The international community has had lessons in the complications of pumping mega-bucks into shaky, war-torn regions after the Bosnian and Kosovo reconstruction projects and it's a situation the world wants to ensure will not be duplicated in Afghanistan.

At the end of the Bosnian War in 1995, international aid donors rushed in to aid in reconstruction efforts but more than a decade later, with rampant corruption in the Bosnian government and a lack of centralized and coordinated control, a U.N.-commissioned report called the situation there "a vast political laboratory on top of a mass grave."

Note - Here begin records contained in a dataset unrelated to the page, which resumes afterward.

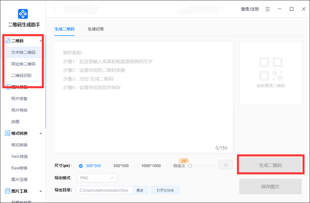 这是一个电脑端的二维码制作软件。进入软件首页后,我们可以看到左侧工具栏中的二维码选项。我们可以选择【网址转二维码】、【文本转二维码】和【二维码识别】的操作,可以根据自己的需求选择一个合适的功能。选择后,可以进入生成页面。生成的二维码可以直接保存。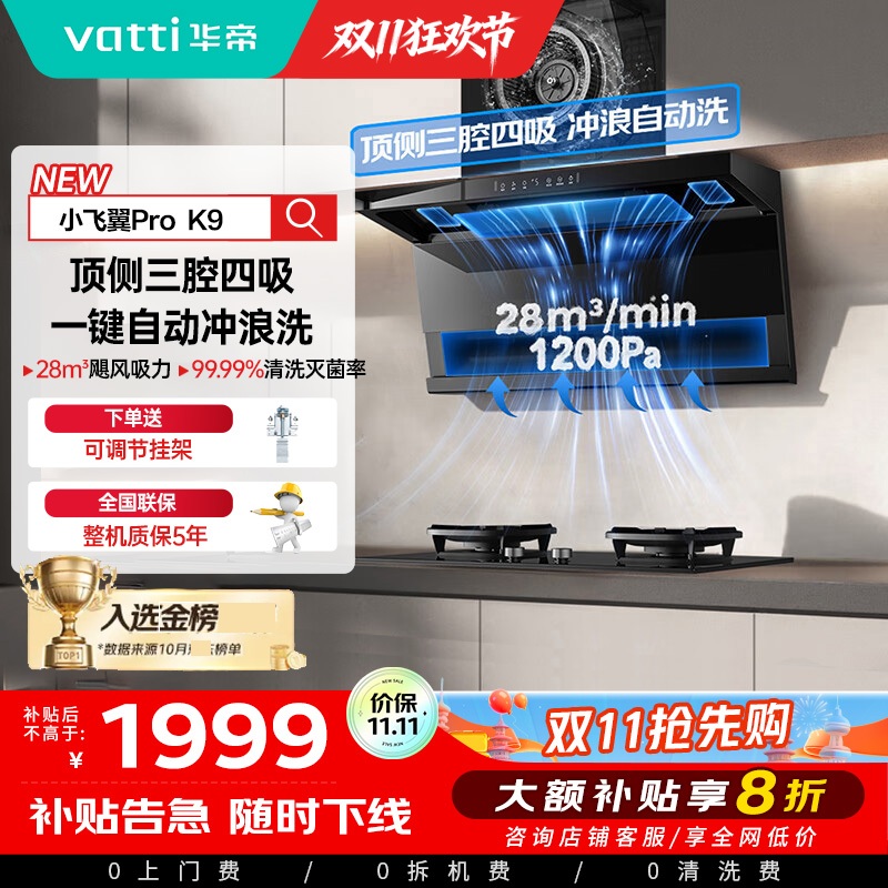 华帝(vatti)油烟机[小飞翼Pro K9]28风量大吸力脱排油烟机 i111K9超薄平嵌7字型变频顶侧双吸三腔自动洗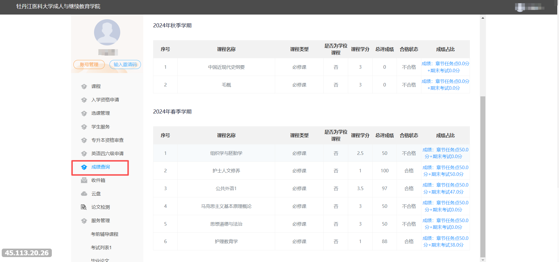进入左侧成绩查询模块进入查看成绩。
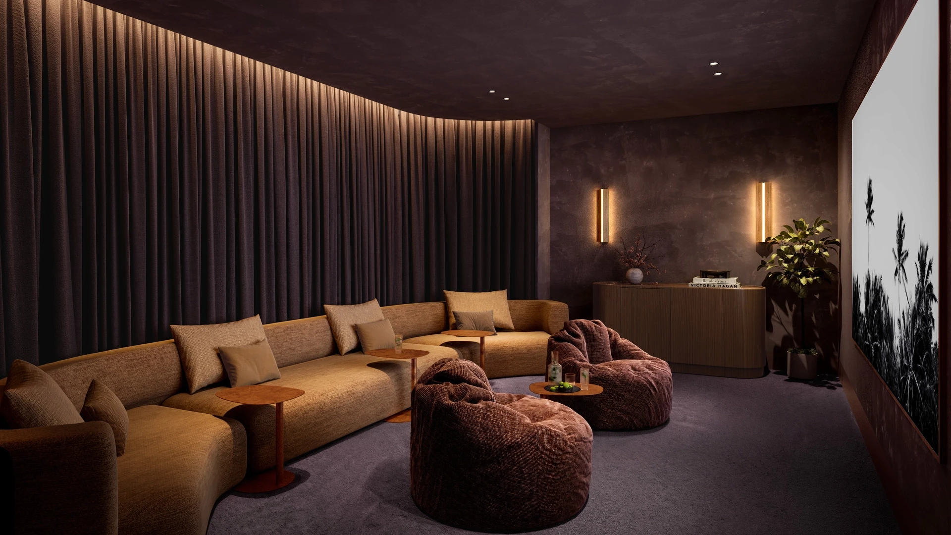 Soft lighting and rich textures wrap the room in calm. Some seats draw people together, others offer a quiet corner to disappear into the story. The space recognizes that film is both a shared moment and a personal escape.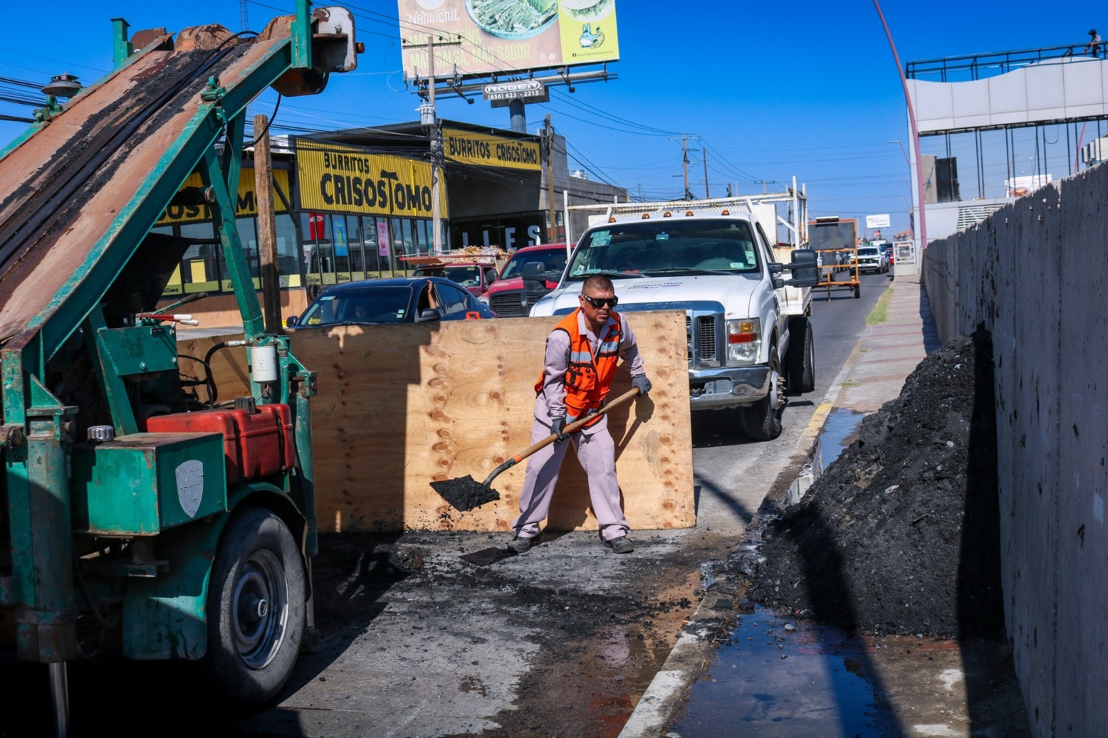 La Junta de Agua y Saneamiento de Juárez agradece la comprensión y paciencia de los automovilistas que transitan por la zona, reiterando que estos trabajos se realizan para evitar afectaciones al sistema de drenaje.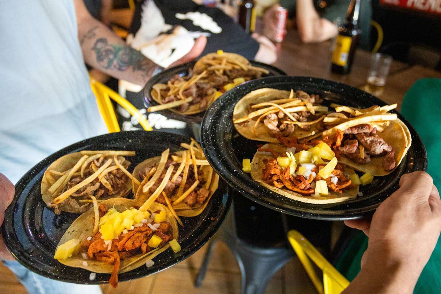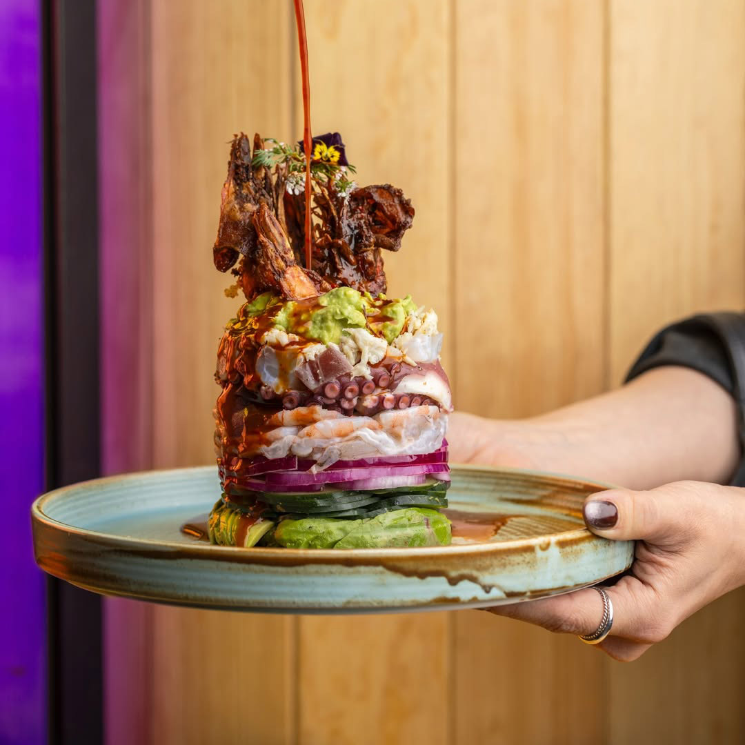 En el menú no hay pierde: cocteles, ceviches, aguachiles picosos y tostadas, todo abundante para curar el hambre, el antojo de mar o una resaca. También hay un guiño a la brasa y la leña, pero antes de llegar ahí hay que hacer escala en su taco ahogado, ya sea de marlín, camarón o jaiba, que se baña con salsa ligeramente picosa; y en la colosal torre de mariscos con atún, camarón, pulpo, callo y chicharrón de camarón, perfecta para picar con las tostadas de la casa. El extra: su coctelería, que invita a una comida larga entre amigos. Dónde: Versalles 19, Juárez. CH: $800 MXN. IG: versalles.19

To prevent the problems of Bosnia, the World Bank and other organizations are expected to push for the establishment of a trust fund to coordinate disbursements and avoid duplication.

Aid experts fear that the big donors will fund high visibility pet projects and will attempt to gain political mileage out of it.

And Afghans, who have watched their country turn into a political playing field for the superpowers during the Cold War, are particularly sensitive to foreign influences on their country.

The peculiarities of the Afghan situation, where a multitude of warlords continue to vie for power and shifts in allegiances are common, could make the disbursement of aid a tricky exercise.

Once again, history has not been kind on the Afghans on that front. During the Soviet occupation of 1979-1989, the CIA pumped in millions of dollars for the Afghan mujahideen via the Pakistani intelligence service, which placed its bets on Hekmatyar Gulbuddin, a conservative guerrilla leader credited with reducing the capital of Kabul to rubble.

Salaries and Security

Security is a top priority for the interim administration and Karzai has called for the formation of a united national army.

But given that some government employees have not been paid for months, the issue of salaries for servicemen and civil servants is a primary, immediate concern.

With a bare-boned manufacturing sector, the bulk of Afghan economic aid is likely to be funneled into the agricultural sector, where years of drought have reduced most farmers to abject poverty.

A priority for the international community is to ensure Afghanistan's desperate farmers do not take to the lucrative poppy cultivation, which once earned the country the dubious distinction of being the world's largest opium producer.

But amid the dire warnings, many note that there is immense hope for the reconstruction of Afghanistan and the signs of rejuvenation are abundant.

Educated exiled Afghans have begun trickling back home to pitch in for the reconstruction efforts and the hollow caves where two magnificent Buddha statues once stood before they were blown up by the Taliban is now the site of a thriving, impromptu bazaar.